*** EXERCISE DATA

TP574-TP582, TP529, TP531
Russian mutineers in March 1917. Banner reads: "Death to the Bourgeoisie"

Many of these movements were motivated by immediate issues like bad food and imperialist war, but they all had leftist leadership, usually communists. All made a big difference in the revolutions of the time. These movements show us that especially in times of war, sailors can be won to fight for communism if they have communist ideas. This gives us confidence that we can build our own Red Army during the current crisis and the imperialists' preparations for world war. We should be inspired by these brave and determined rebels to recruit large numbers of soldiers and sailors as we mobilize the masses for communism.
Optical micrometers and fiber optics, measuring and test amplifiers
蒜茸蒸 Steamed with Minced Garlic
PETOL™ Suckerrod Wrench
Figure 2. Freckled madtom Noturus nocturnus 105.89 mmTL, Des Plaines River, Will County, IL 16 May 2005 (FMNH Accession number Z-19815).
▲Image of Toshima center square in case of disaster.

******
*** EXERCISE DATA

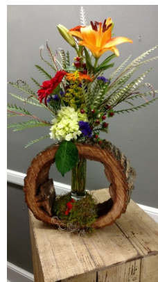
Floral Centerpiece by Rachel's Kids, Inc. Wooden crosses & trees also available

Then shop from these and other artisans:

******
*** EXERCISE DATA

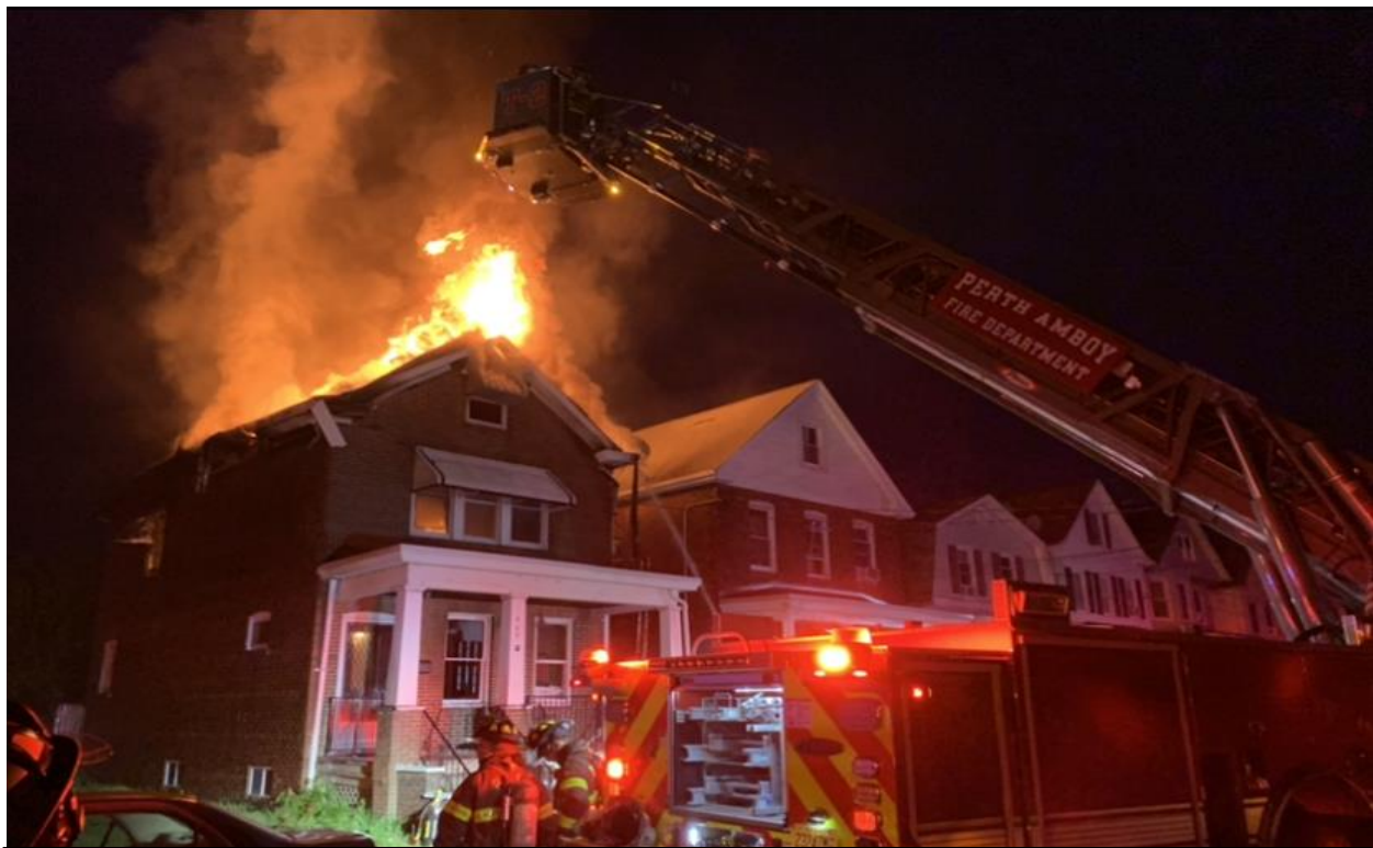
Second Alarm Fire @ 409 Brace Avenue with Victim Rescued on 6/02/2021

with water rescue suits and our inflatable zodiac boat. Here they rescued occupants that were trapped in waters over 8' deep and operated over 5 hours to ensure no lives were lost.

******

From the listing above, repeat exactly the lines starting at the line that includes "Russian mutineers in" and ending at the line that includes "case of disaster.", with nothing outside that span.

◆ SOLUTION BELOW:
Russian mutineers in March 1917. Banner reads: "Death to the Bourgeoisie"

Many of these movements were motivated by immediate issues like bad food and imperialist war, but they all had leftist leadership, usually communists. All made a big difference in the revolutions of the time. These movements show us that especially in times of war, sailors can be won to fight for communism if they have communist ideas. This gives us confidence that we can build our own Red Army during the current crisis and the imperialists' preparations for world war. We should be inspired by these brave and determined rebels to recruit large numbers of soldiers and sailors as we mobilize the masses for communism.
Optical micrometers and fiber optics, measuring and test amplifiers
蒜茸蒸 Steamed with Minced Garlic
PETOL™ Suckerrod Wrench
Figure 2. Freckled madtom Noturus nocturnus 105.89 mmTL, Des Plaines River, Will County, IL 16 May 2005 (FMNH Accession number Z-19815).
▲Image of Toshima center square in case of disaster.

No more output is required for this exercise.